▶ [PROBLEM]
Exact transcription of the data below is required, without the images.

▶ [INFORMATION SUPPLIED]
=== Section Start ===

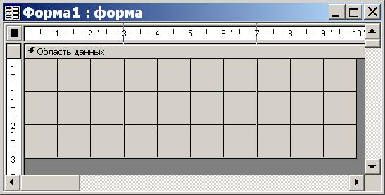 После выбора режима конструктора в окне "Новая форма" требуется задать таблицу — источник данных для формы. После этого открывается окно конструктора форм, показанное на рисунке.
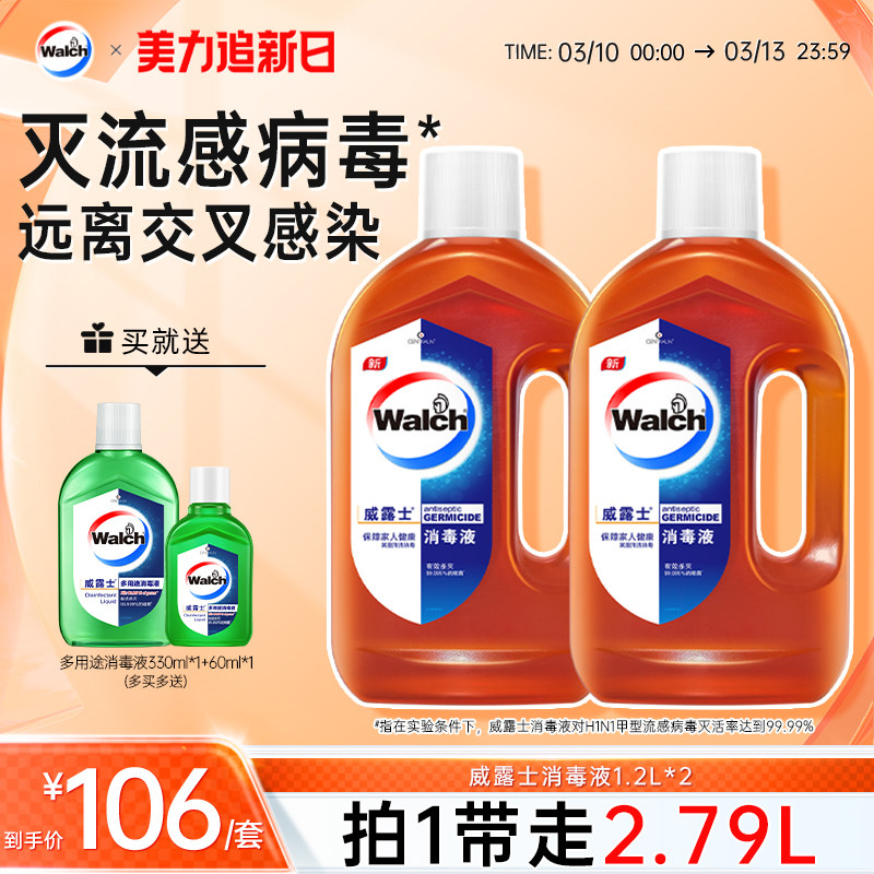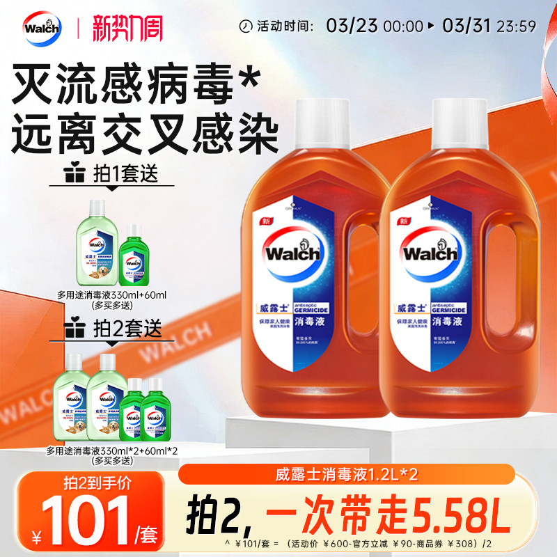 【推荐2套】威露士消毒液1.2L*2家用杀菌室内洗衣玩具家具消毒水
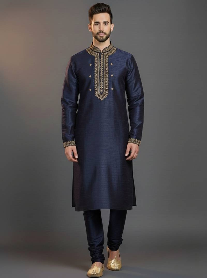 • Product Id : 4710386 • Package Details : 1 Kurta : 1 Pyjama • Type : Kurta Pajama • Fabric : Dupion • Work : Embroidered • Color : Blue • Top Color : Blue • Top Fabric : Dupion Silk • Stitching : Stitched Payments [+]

=== Section End ===

▶ [RESPONSE BELOW]
 После выбора режима конструктора в окне "Новая форма" требуется задать таблицу — источник данных для формы. После этого открывается окно конструктора форм, показанное на рисунке.
 【推荐2套】威露士消毒液1.2L*2家用杀菌室内洗衣玩具家具消毒水
 • Product Id : 4710386 • Package Details : 1 Kurta : 1 Pyjama • Type : Kurta Pajama • Fabric : Dupion • Work : Embroidered • Color : Blue • Top Color : Blue • Top Fabric : Dupion Silk • Stitching : Stitched Payments [+]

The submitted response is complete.